Other forms of rotary seal are known which achieve a double balance, that is to say a balance with respect to both internal and external pressures, or more precisely to achieve such a balance to a predetermined degree or proportion. An example of such a rotary seal is illustrated in FIG. 1 of the accompanying drawings which shows a pusher seal.

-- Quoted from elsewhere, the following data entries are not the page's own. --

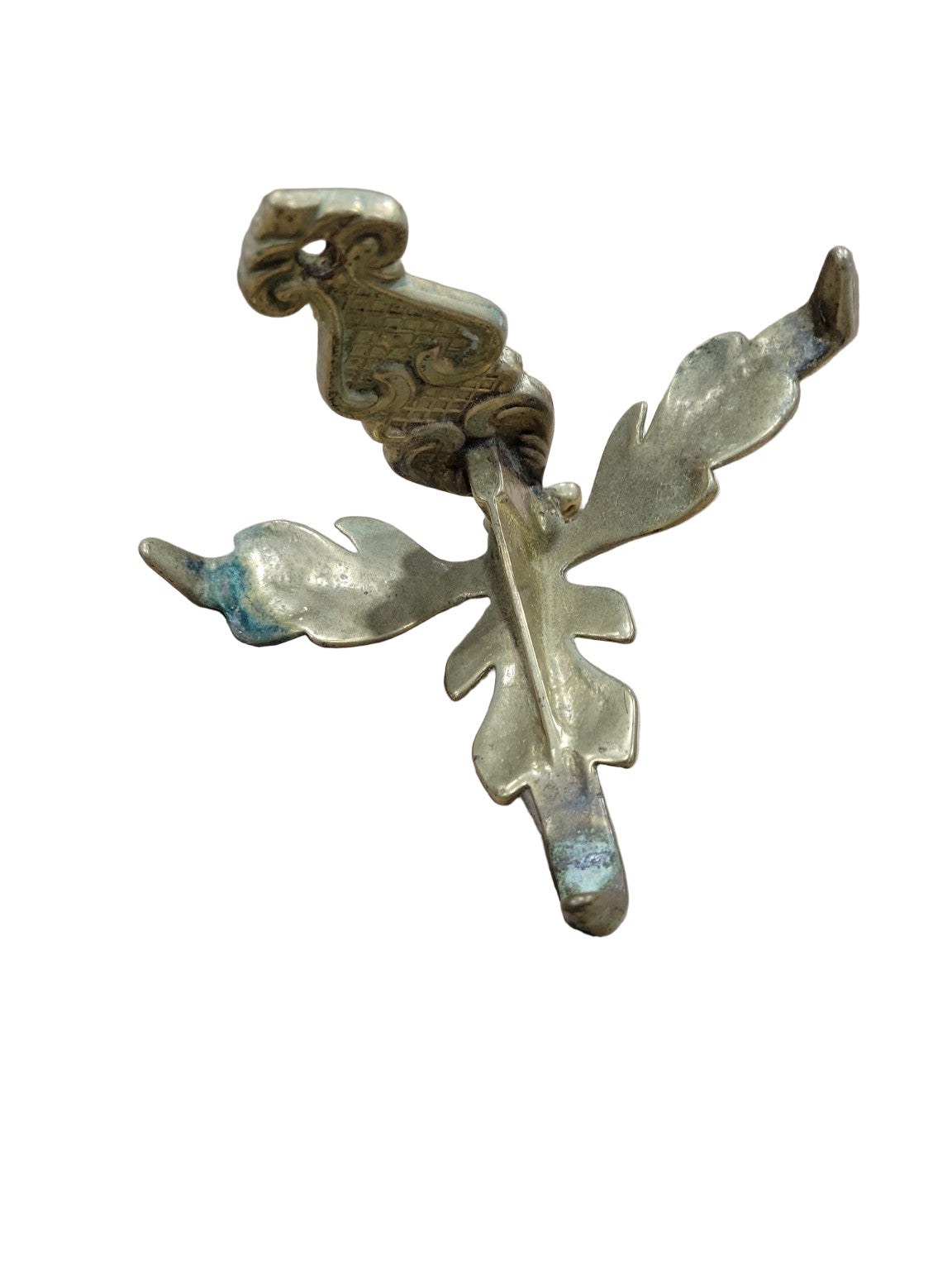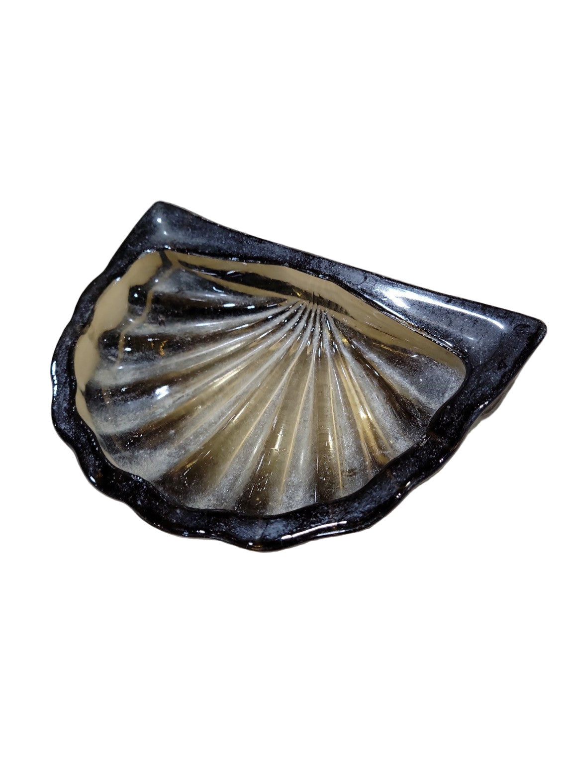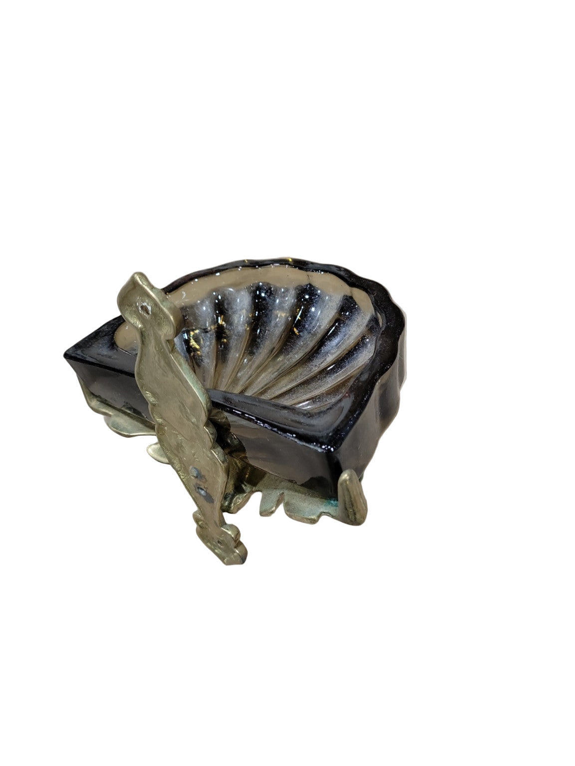 This vintage wall-mounted soap dish features a scalloped amber glass basin with fan-shaped ridges, paired with a highly decorative cast brass bracket in a floral and scroll motif. The brass hook at the front is ideal for hanging a washcloth or brush, enhancing both function and charm. The combination of dark translucent glass and aged brass gives this piece an elegant, Old World aesthetic perfect for vintage bathrooms or eclectic interiors. Some patina and verdigris on the brass elements adds to its antique appeal.
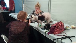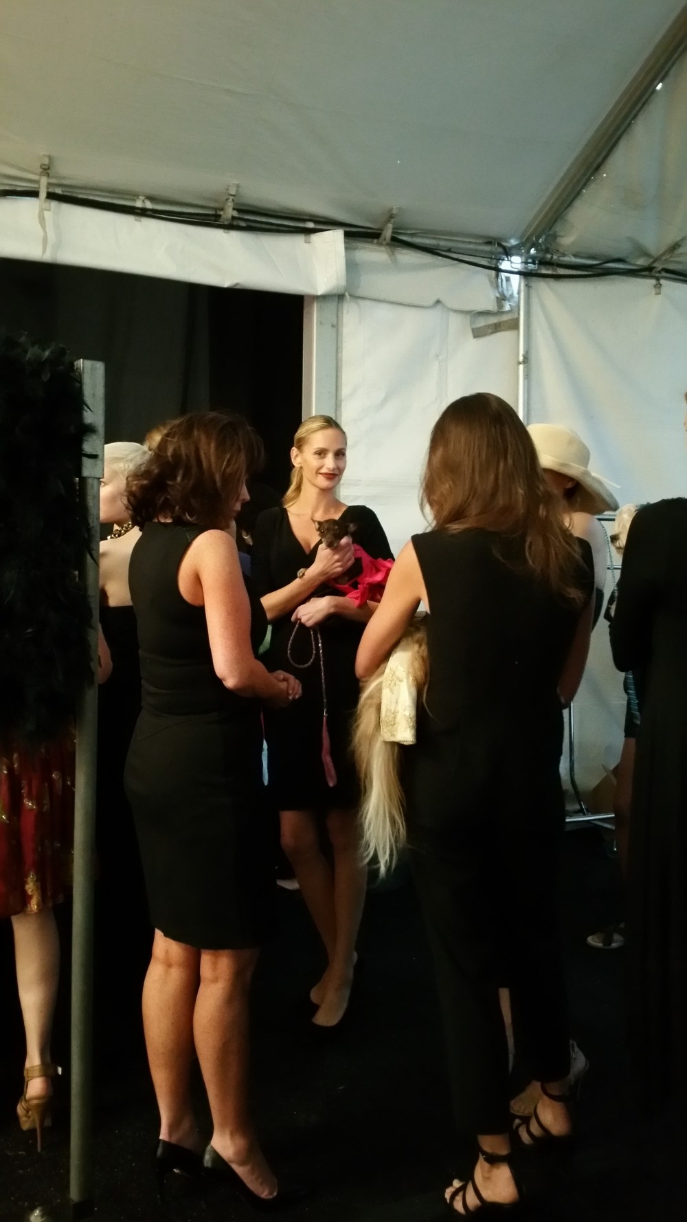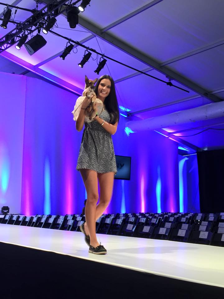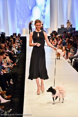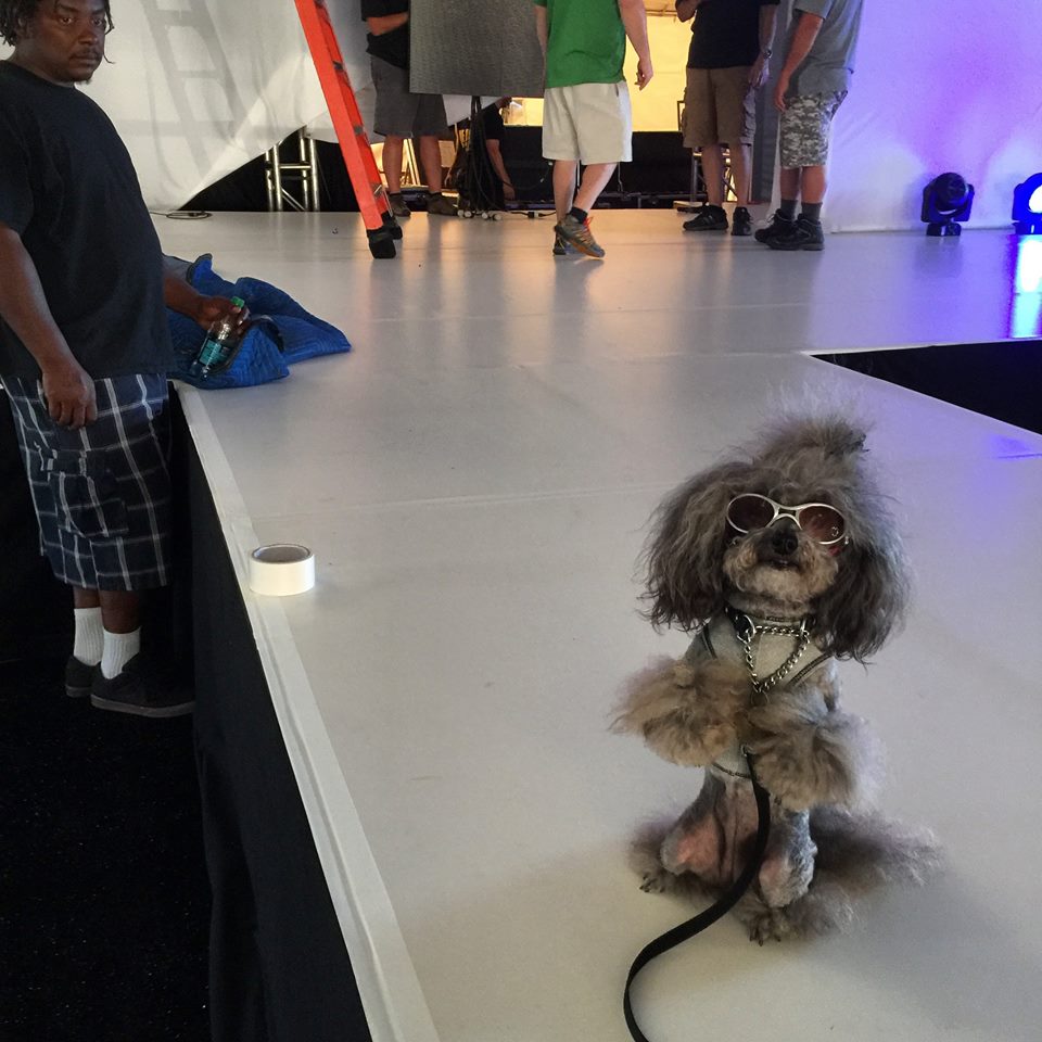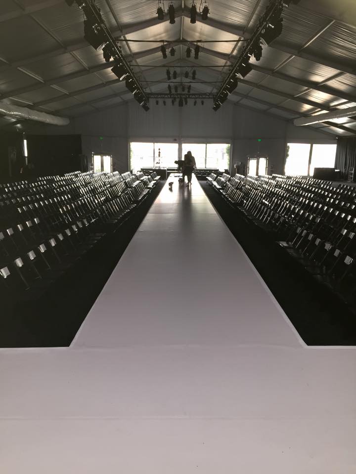 The venue was incredible. A grand entrance, two large beautifully appointed tents, with a garden area in between. And the runway…. 100 feet of glistening white, surrounded by rows and rows of chairs. The dog models, adorable and the human models, gorgeous! The venue seats 1000 — and we practically sold out!
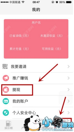 首先下载最新版本的油分期,在“我的”页面中点击“提现”:
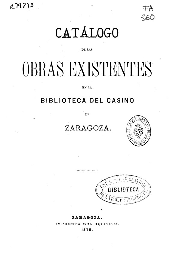 Autor: Casino de Zaragoza. Biblioteca
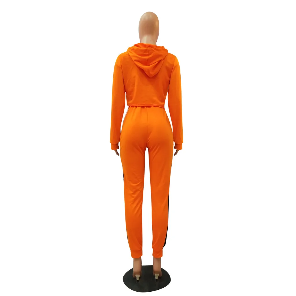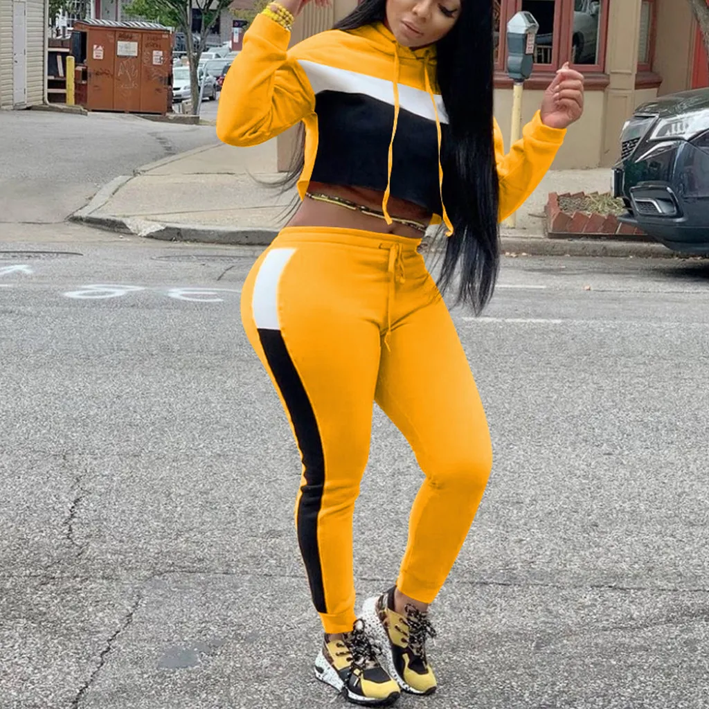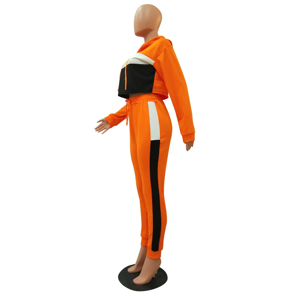 Женский спортивный костюм в стиле пэчворк с длинными рукавами и капюшоном

In FIG. 1 a seal face member 2 is secured to rotate with a shaft 4. A stationary annular seal 6 insert engages the seal face 3 of member 2 to provide a seal interface between diameters A and D. The seal insert is carried by a stationary seal assembly 8 that is split into two parts 10 and 12. The inner part 10 directly carries the insert 6. The outer part 12 is secured to a support structure not shown so that to the right of the assembly, as seen in the figure, there exists an internal pressure P1 extending to the inner, shaft, side of the seal interface and to the left there exists an external pressure P2 acting on the outer side of the seal interface. The two parts 10 and 12 define between them an annular chamber 14 in which an O-ring 16 provides a seal between the two parts. The parts also define passageways 18 and 20 respectively by which the pressures P1 and P2 have access to, and are sealed from one another by, the O-ring 16. The O-ring acts between the seal interface diameters B and C.
As regards the internal pressure P1 the seal interface is balanced from diameter D to diameter B; for the external pressure P2 the seal interface is balanced from diameter A to diameter C. In the case, for example, of what is known as a 70/30 doubly balanced seal, the respective seal face areas between A and B on the one hand and C and D on the other will each be 30% of the total area.